Exercise - Please reproduce all entries word for word and omit their pictures.

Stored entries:
------------------------------------------------------------------------

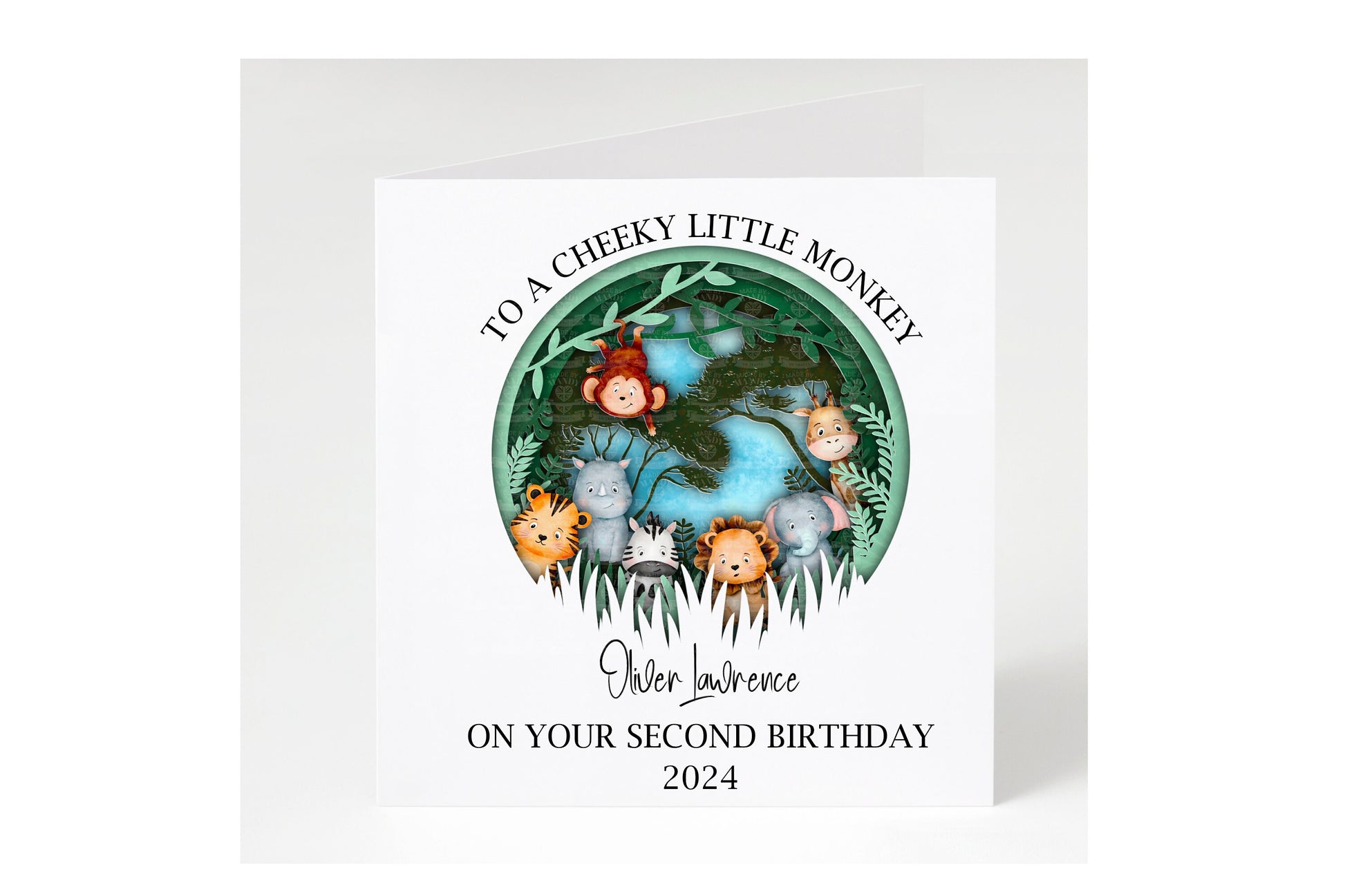 This card is Personalised for a cheeky monkey's 2nd birthday. It will also have the year 2024 so is perfect for keepsake memory box. The image is of cute jungle animals peeping out of a jungle scene.
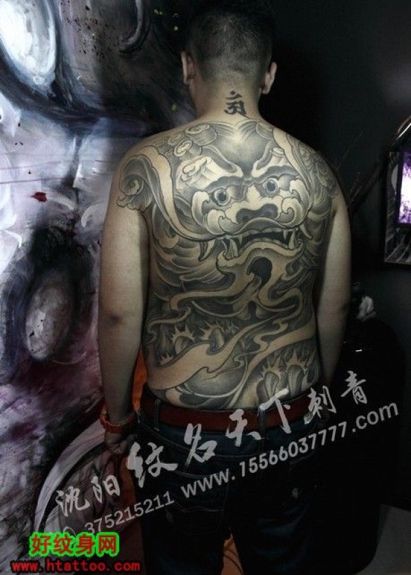 男性满背黑白唐狮子纹身刺青作品传统的中国风_后背纹身图案大全_纹身图吧
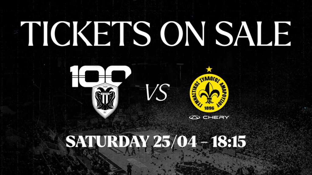“Η ΚΑΕ ΠΑΟΚ ανακοινώνει ό,τι ξεκίνησε η διάθεση των εισιτηρίων για τον αγώνα ΠΑΟΚ – Μαρούσι Chery που θα διεξαχθεί στο PAOK Sports Arena το Σάββατο (25/4) στις 18:15 για την 26η αγωνιστική της Stoiximan GBL.
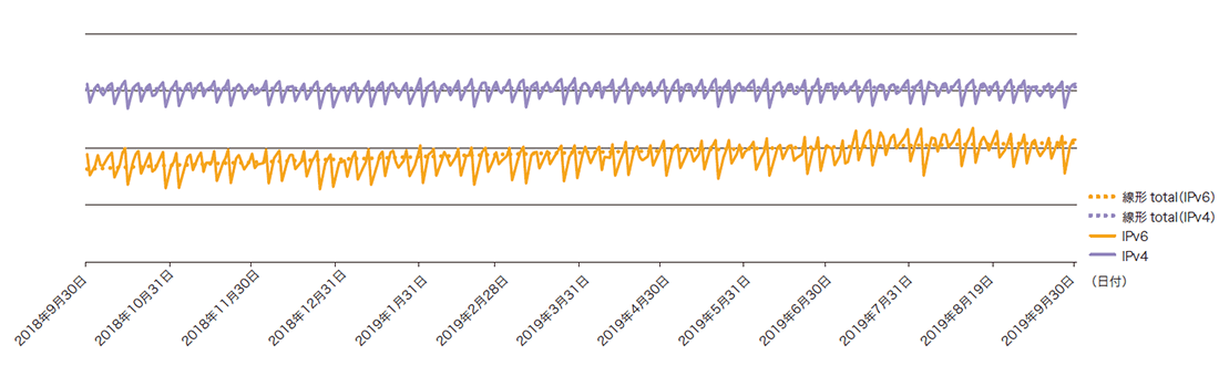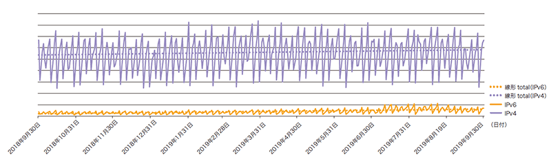 前回同様、IIJのコアPOP(東京・大阪・名古屋)のバックボーンルータで計測した、IPv4トラフィックとIPv6トラフィックを図-3に示します。期間は2018年10月1日から2019年9月30日までの1年間です。
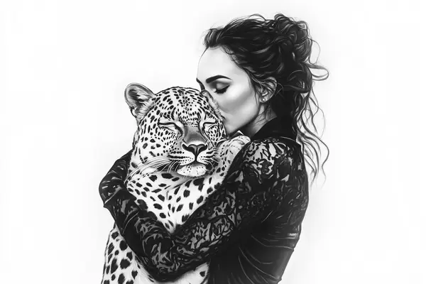 Poster Femeie sărutând leopard, desen în creion, animale sălbatice, alb-negru f41457
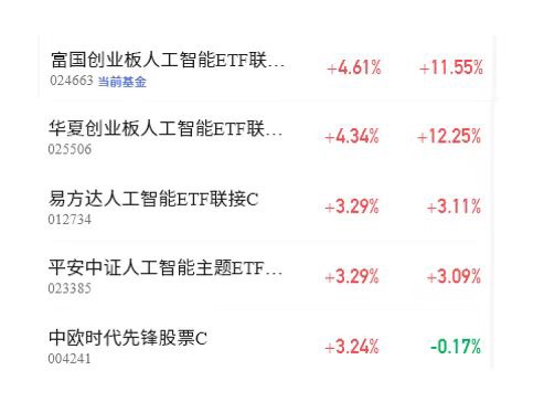 最近大盘波动比较大,但是科技反弹趋势还挺强的,尤其是创业板人工智能,$富国创业板人工智能ETF发起式联接C$ 今天估值上涨4.61%,华夏创业板人工智能ETF估值4.34%,易方达人工智能ETF联接C估值3.29%,平安中证人工智能主题ETF估值3.29%
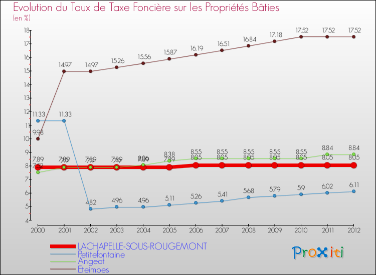 Pendant la même période, les communes françaises similaires à Lachapelle-sous-Rougemont, ont vu leur taux de taxe foncière sur le bâti augmenter de 45.3 % en moyenne entre 2000 et 2012.
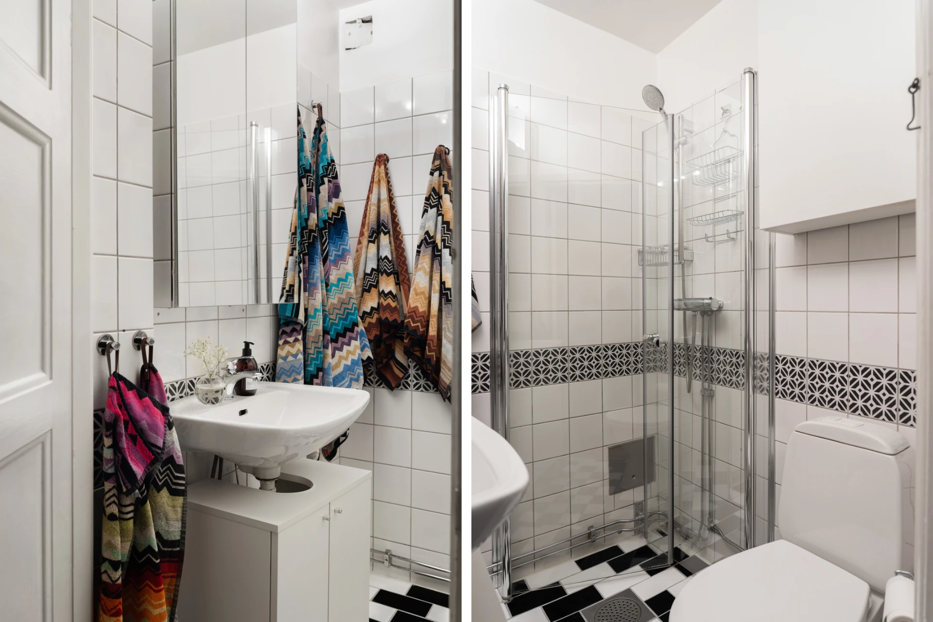 Stilrent helkaklat badrum med svart och vitt kakel på väggar och golv. Utrustat med WC, handfat med kommod och spegelskåp ovan samt dusch med infällbara glasväggar. Badrummet är förberett för tvättmaskin.
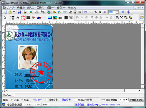 2、证卡模板设计并分类,支持模板的正、反面证卡设计及打印。

------------------------------------------------------------------------

Result below -
 This card is Personalised for a cheeky monkey's 2nd birthday. It will also have the year 2024 so is perfect for keepsake memory box. The image is of cute jungle animals peeping out of a jungle scene.
 男性满背黑白唐狮子纹身刺青作品传统的中国风_后背纹身图案大全_纹身图吧
“Η ΚΑΕ ΠΑΟΚ ανακοινώνει ό,τι ξεκίνησε η διάθεση των εισιτηρίων για τον αγώνα ΠΑΟΚ – Μαρούσι Chery που θα διεξαχθεί στο PAOK Sports Arena το Σάββατο (25/4) στις 18:15 για την 26η αγωνιστική της Stoiximan GBL.
 前回同様、IIJのコアPOP(東京・大阪・名古屋)のバックボーンルータで計測した、IPv4トラフィックとIPv6トラフィックを図-3に示します。期間は2018年10月1日から2019年9月30日までの1年間です。
 Poster Femeie sărutând leopard, desen în creion, animale sălbatice, alb-negru f41457
 最近大盘波动比较大,但是科技反弹趋势还挺强的,尤其是创业板人工智能,$富国创业板人工智能ETF发起式联接C$ 今天估值上涨4.61%,华夏创业板人工智能ETF估值4.34%,易方达人工智能ETF联接C估值3.29%,平安中证人工智能主题ETF估值3.29%
 Pendant la même période, les communes françaises similaires à Lachapelle-sous-Rougemont, ont vu leur taux de taxe foncière sur le bâti augmenter de 45.3 % en moyenne entre 2000 et 2012.
 Stilrent helkaklat badrum med svart och vitt kakel på väggar och golv. Utrustat med WC, handfat med kommod och spegelskåp ovan samt dusch med infällbara glasväggar. Badrummet är förberett för tvättmaskin.
 2、证卡模板设计并分类,支持模板的正、反面证卡设计及打印。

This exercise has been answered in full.